• **WHAT THE EXERCISE ASKS**: Copy the data exactly; pictures stay out of the copy.

[Start of section]

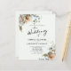 Invitación de boda con código QR de respuesta de presupuesto Caligrafía floral delicada de tono rosado y melocotón... Nuestra invitación de boda de acuarela floral presenta un arreglo de flores pastel blancas, rosadas y de melocotón con vegetación de eucalipto que bordean el texto de su invitación en escritura de caligrafía moderna y tipografía serif elegante. El reverso de nuestra invitación asequible también muestra el código QR del sitio web de su boda, así como la URL del sitio web que permite a sus invitados responder en línea y ver todos los detalles que normalmente se envían en un paquete de boda. La plantilla gráfica del código QR y todo el texto de ejemplo (aparte de los elementos gráficos de caligrafía) se pueden revisar fácilmente con su propia información en la plantilla de personalización.
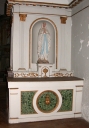 Devant d'autel : coeur enflammé et croix ; porte du tabernacle : ciboire ; deux pilastres de chaque côté de la niche à statue.
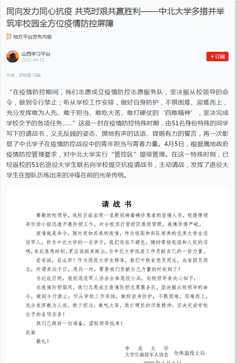 在疫情防控期间,我们志愿成立疫情防控志愿服务队,坚决服从校领导的命令,做到令行禁止;听从学校工作安排,做好自身防护,不惧困难、迎难而上,充分发挥敢为人先、敢于担当、敢吃大苦、敢打硬仗的‘四敢精神’,坚决完成学校交予的各项任务……”这是一封在疫情防控特殊时期,由51名身份特殊的同学写下的请战书,义无反顾的姿态、掷地有声的话语、铿锵有力的誓言,再一次彰显了中北学子在疫情防控战役中的青年担当与青春力量。4月5日,根据属地政府疫情防控管理要求,对中北大学实行“管控区”提级管理。在这一特殊时刻,已经返校的51名退役大学生联名向学校提交抗疫请战书,主动请战,发挥了退役大学生在部队历练出来的冲锋在前的光荣传统。
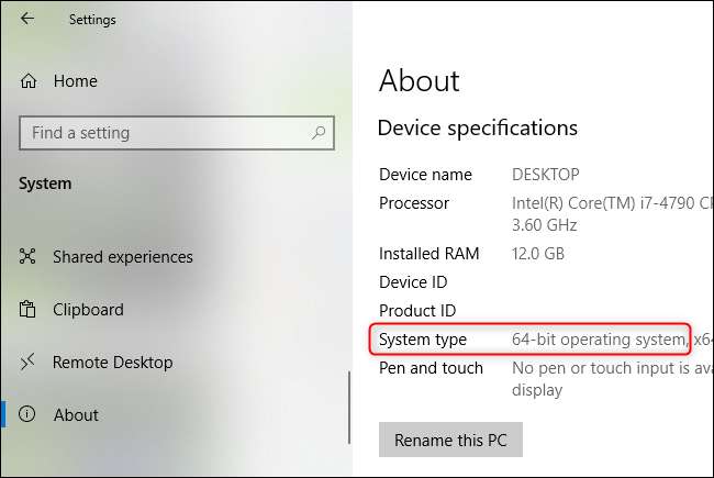 Windows'un 32 bit sürümünü mü yoksa 64 bit sürümünü mü kullandığınızı kontrol etmek için Ayarlar> Sistem> Hakkında'ya gidin. Ayarlar penceresini Başlat menüsünden veya Windows + i tuşlarına basarak açabilirsiniz.
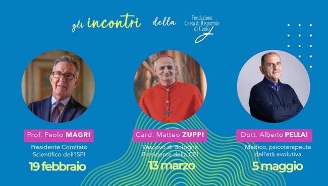 Temi di grande rilevanza contemporanea, che caratterizzano le cronache quotidiane e che la Fondazione Cassa di Risparmio di Cento ha scelto di affrontare: come Fondazione ci impegniamo quotidianamente per dare sostegno alla nostra comunità. In questa occasione abbiamo scelto di promuovere momenti specifici, per approfondire tematiche legate alle sfide di questo periodo storico che stiamo vivendo, caratterizzato da profondi cambiamenti e incertezze. Lo facciamo proponendo incontri che avranno come protagonisti autorevoli ospiti che sapranno affrontare in maniera semplice ed efficace i temi proposti” sono le parole della Presidente della Fondazione Cassa di Risparmio di Cento, Raffaella Cavicchi.

[End of section]

• **RESULT FOR THIS EXERCISE**:
 Invitación de boda con código QR de respuesta de presupuesto Caligrafía floral delicada de tono rosado y melocotón... Nuestra invitación de boda de acuarela floral presenta un arreglo de flores pastel blancas, rosadas y de melocotón con vegetación de eucalipto que bordean el texto de su invitación en escritura de caligrafía moderna y tipografía serif elegante. El reverso de nuestra invitación asequible también muestra el código QR del sitio web de su boda, así como la URL del sitio web que permite a sus invitados responder en línea y ver todos los detalles que normalmente se envían en un paquete de boda. La plantilla gráfica del código QR y todo el texto de ejemplo (aparte de los elementos gráficos de caligrafía) se pueden revisar fácilmente con su propia información en la plantilla de personalización.
 Devant d'autel : coeur enflammé et croix ; porte du tabernacle : ciboire ; deux pilastres de chaque côté de la niche à statue.
 在疫情防控期间,我们志愿成立疫情防控志愿服务队,坚决服从校领导的命令,做到令行禁止;听从学校工作安排,做好自身防护,不惧困难、迎难而上,充分发挥敢为人先、敢于担当、敢吃大苦、敢打硬仗的‘四敢精神’,坚决完成学校交予的各项任务……”这是一封在疫情防控特殊时期,由51名身份特殊的同学写下的请战书,义无反顾的姿态、掷地有声的话语、铿锵有力的誓言,再一次彰显了中北学子在疫情防控战役中的青年担当与青春力量。4月5日,根据属地政府疫情防控管理要求,对中北大学实行“管控区”提级管理。在这一特殊时刻,已经返校的51名退役大学生联名向学校提交抗疫请战书,主动请战,发挥了退役大学生在部队历练出来的冲锋在前的光荣传统。
 Windows'un 32 bit sürümünü mü yoksa 64 bit sürümünü mü kullandığınızı kontrol etmek için Ayarlar> Sistem> Hakkında'ya gidin. Ayarlar penceresini Başlat menüsünden veya Windows + i tuşlarına basarak açabilirsiniz.
 Temi di grande rilevanza contemporanea, che caratterizzano le cronache quotidiane e che la Fondazione Cassa di Risparmio di Cento ha scelto di affrontare: come Fondazione ci impegniamo quotidianamente per dare sostegno alla nostra comunità. In questa occasione abbiamo scelto di promuovere momenti specifici, per approfondire tematiche legate alle sfide di questo periodo storico che stiamo vivendo, caratterizzato da profondi cambiamenti e incertezze. Lo facciamo proponendo incontri che avranno come protagonisti autorevoli ospiti che sapranno affrontare in maniera semplice ed efficace i temi proposti” sono le parole della Presidente della Fondazione Cassa di Risparmio di Cento, Raffaella Cavicchi.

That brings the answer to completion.